Os taxistas passaram ontem pela verificação anual periódica do taxímetro, reajuste de tarifa e fiscalização dos documentos, realizados pelo Instituto de Pesos e Medidas do Estado de São Paulo (Ipem-SP). A ação acontece até quinta-feira. Ontem, cerca de 30 taxistas aguardavam, no início da manhã, para serem atendidos e o órgão esperava atender 40 veículos até o fim do dia.

De acordo com o especialista do Ipem, Antônio Brinto Junior, que realizava a fiscalização, na Avenida Brasil, a ação faz parte do procedimento habitual para garantir que todos os táxis circulem dentro dos padrões previstos. "Avaliamos os documentos, andamos da pista para ver o taxímetro e depois fazemos a impressão do documento do Ipem, que tem validade de um ano". Brinto explicou ainda que os táxis que tiverem algum problema com o taxímetro antes de um ano, devem fazer nova verificação. Os taxistas tiveram que agendar a verificação anteriormente em oficinas credenciadas.

O órgão também reajustou o valor da tarifa do taxímetro. O valor das corridas terá um aumento de 11% em Suzano. O reajuste foi solicitado por causa da alta do combustível. O valor que teve o maior reajuste foi o da bandeirada, que vai passar a custar R$ 5. O valor anterior era de R$ 4,50.

A tarifa de horário comercial (bandeira 1) custava R$ 2,90 e vai custar R$ 3,20. Já a tarifa por quilômetro rodado em horas e dias especiais (bandeira 2) - domingos, feriados e no horário das 18 às 6 horas - mudou de R$ 3,50 para R$ 3,80. O que significa aumento de 8,57%.

"Eles fazem a fiscalização para garantir a veracidade do taxímetro. Todo ano tem que ser feito. É no taxímetro que é calculado o valo da corrida. É tudo um valor só. Se alguém tiver alteração para mais, aí já viu." Contou o taxista Guilherme Caetano, de 51 anos.

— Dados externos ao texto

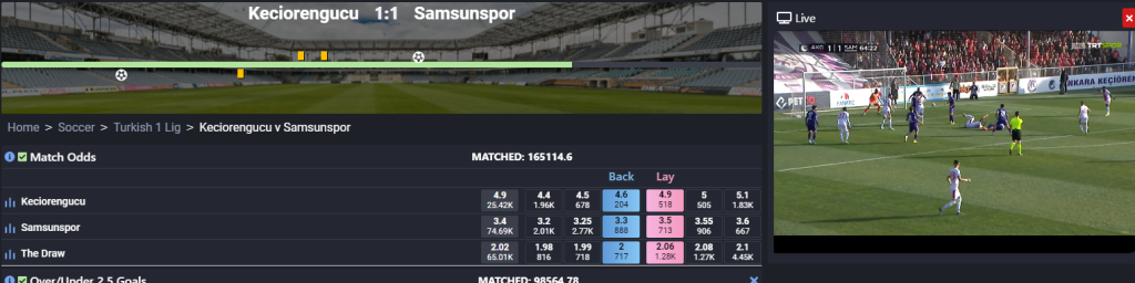 На данной бирже ставок, также можно смотреть лайв трансляции. Но предупреждаю, что задержка в трансляции составляет примерно 20 секунд, поэтому использовать трансляцию для беттига или трейдинга нужно с осторожностью.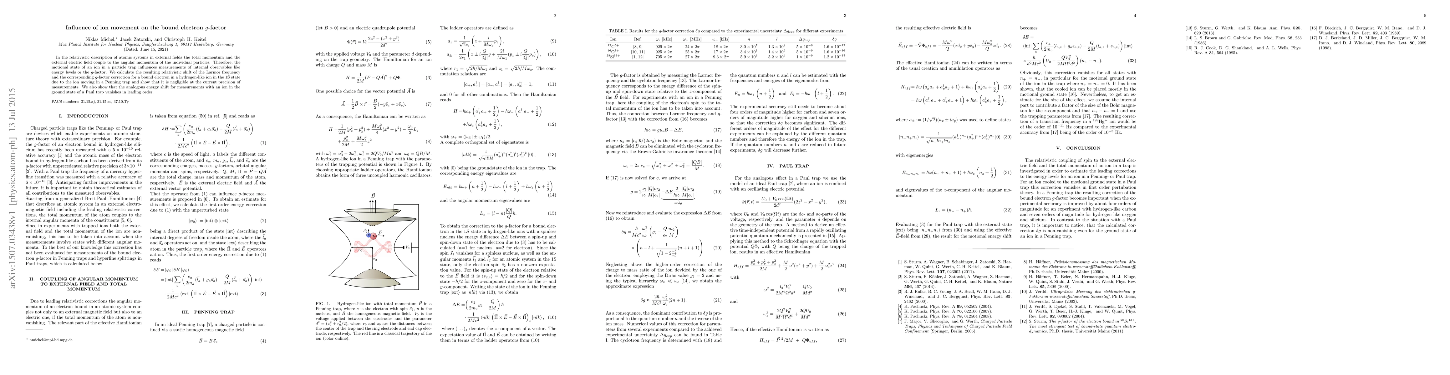 In the relativistic description of atomic systems in external fields the total momentum and the external electric field couple to the angular momentum of the individual particles. Therefore, the motional state of an ion in a particle trap influences measurements of internal observables like energy levels or the g-factor. We calculate the resulting relativistic shift of the Larmor frequency and the corresponding g-factor correction for a bound electron in a hydrogen-like ion in the 1S state due to the ion moving in a Penning trap and show that it is negligible at the current precision of measurements. We also show that the analogous energy shift for measurements with an ion in the ground state of a Paul trap vanishes in leading order.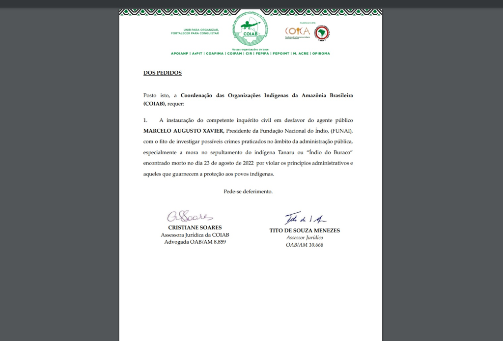 The decision was poorly received by the Coordination of Indigenous Organizations of the Brazilian Amazon (Coiab), which filed a complaint with the Federal Public Ministry (MPF) against the manager of the foundation for the delay in providing answers about the burial.
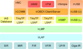 Додатковий протокол IrCOMM (англ. Infrared Communications Protocol) дає можливість інфрачервоним пристроям функціонувати як послідовний або паралельний порт. Він знаходиться у верхній частині шару IrLMP.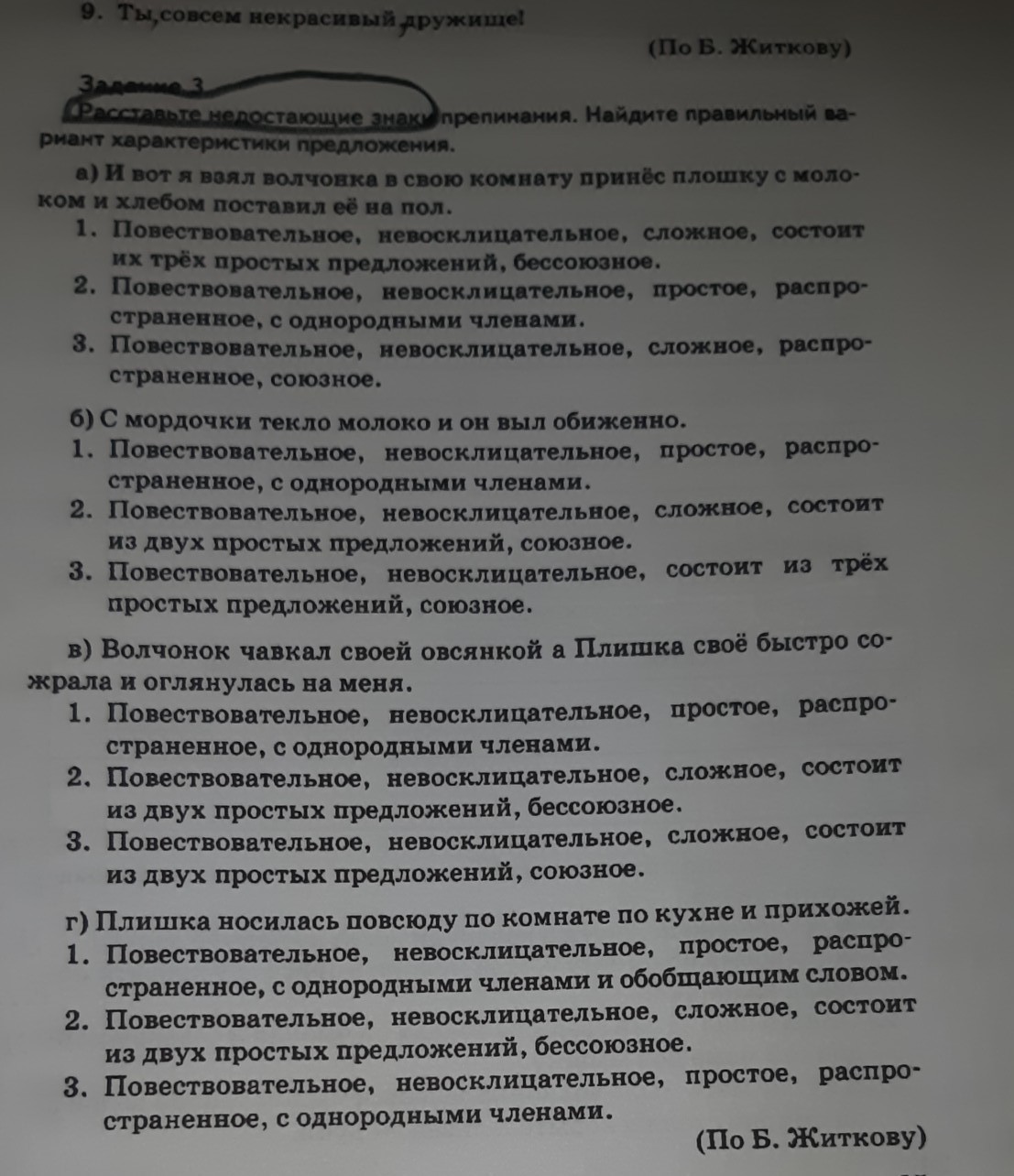б) 2 С мордочки текло молоко, и он был обиженно.
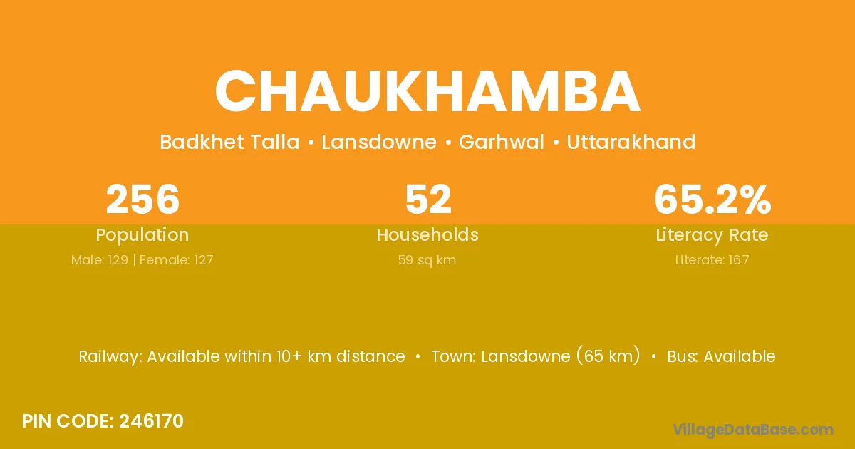 Chaukhamba village has a total population of 256 people, of which 129 are males and 127 are females.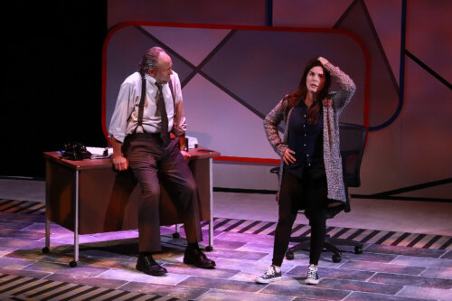 The minimalist setting by Brandon M. Newton consists of a backdrop that resembles puzzle pieces, a constant reminder of Rachel’s jumbled memory. Different areas of the stage are playing areas for locales Rachel’s untidy flat; the Hipwell’s house (with a bar cart as its centerpiece); Tom and his new wife’s place; the two chairs that represent the therapist’s office; and the detective’s workspace.

O taxista Antônio Jordão, de 61 anos, falou da demora do processo de fiscalização. "Já estou aguardando faz tempo e eles só viram dez carros ainda, com certeza vai demorar", explicou.

De acordo com Cirilo Rodrigues, de 58 anos, com o tempo de espera eles perdem faturamento. "Vamos gastar pelo menos três horas aqui. São pelo menos duas corridas", contou.